Gam-Anon (for family members): peer-support program for spouses, parents, and children of individuals with gambling concerns. gam-anon.org.
The state regulatory landscape
State-level responses to the public-health implications of legal sports betting vary substantially. The standard regulatory toolkit:
- Self-exclusion programs. Statewide registries that bar an individual from all licensed operators within the state upon their own request.
- Deposit and loss limits. Some states require operators to offer customer-imposed limits; fewer require operators to enforce hard caps.
- Advertising restrictions. A small number of states (notably Massachusetts and Virginia) impose advertising restrictions during sporting events featuring teams associated with the state.

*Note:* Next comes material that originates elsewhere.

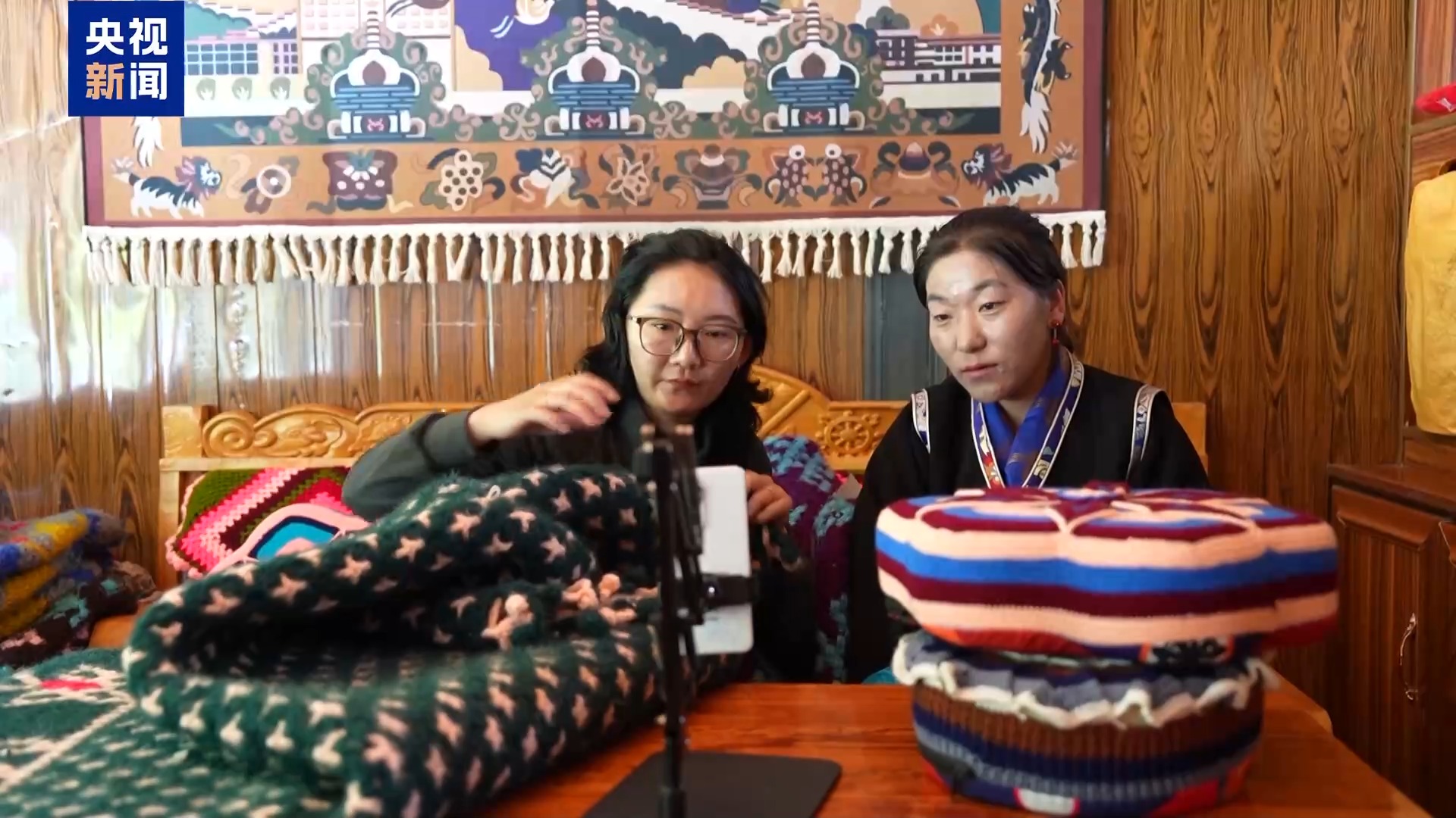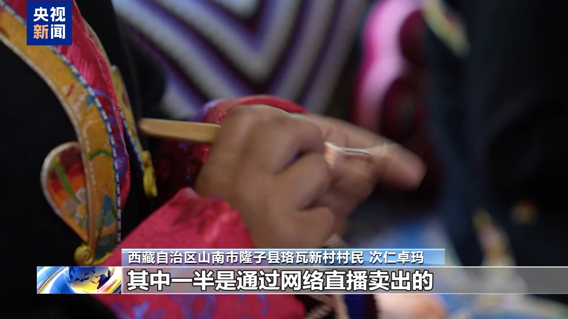 西藏自治區(qū)山南市隆子縣珞瓦新村村民 次仁卓瑪:今年以來(lái),我們已經(jīng)賣(mài)出了50多條毛毯,100多個(gè)靠枕,其中一半是通過(guò)網(wǎng)絡(luò)直播賣(mài)出的。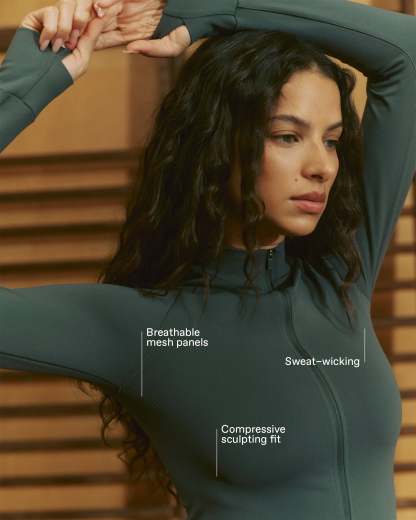 Seamless Zip Up Top - Sea Green

- Earmarked funding. Most adopting states allocate a percentage of sports-betting tax revenue to problem-gambling services. The percentage varies widely (from 0% in some states to 1.5%+ in others).
- Helpline mandates. Most states require operators to display the National Problem Gambling Helpline number prominently in advertising and on-platform.
For state-by-state behavioral-health infrastructure analysis, see Behavioral Risk in Digital Entertainment Platforms.
What we do not cover
Our editorial scope deliberately excludes:
- Operator comparisons. We do not list, link to, evaluate, or recommend specific sports-betting platforms.
- Strategy or “responsible gambling” optimization. Editorial coverage focuses on public-health framing, not consumer-engagement strategies.
- Industry advertising. No advertising relationships with operators, affiliates, or media partners with financial interest in platform expansion.
This is editorial public-health framing, not platform-industry coverage. For our complete editorial principles, see our Methodology.
References & Sources Consulted
- Baker SR, Balthrop J, Johnson MS, Kotter JD, Pisciotta K. The Financial Consequences of Legalized Sports Gambling. NBER Working Paper No. 32119; February 2024.
- American Psychiatric Association. Diagnostic and Statistical Manual of Mental Disorders, Fifth Edition, Text Revision (DSM-5-TR). APA Publishing; 2022.
- National Council on Problem Gambling. A Public Health Approach to Gambling-Related Harm. NCPG; 2024.
- Murphy v. National Collegiate Athletic Association, 584 U.S. ___ (2018).
- Welte JW, Barnes GM, Tidwell MO, Wieczorek WF. Gambling and problem gambling in the United States: changes between 1999 and 2013. Journal of Gambling Studies. 2015;31(3):695–715.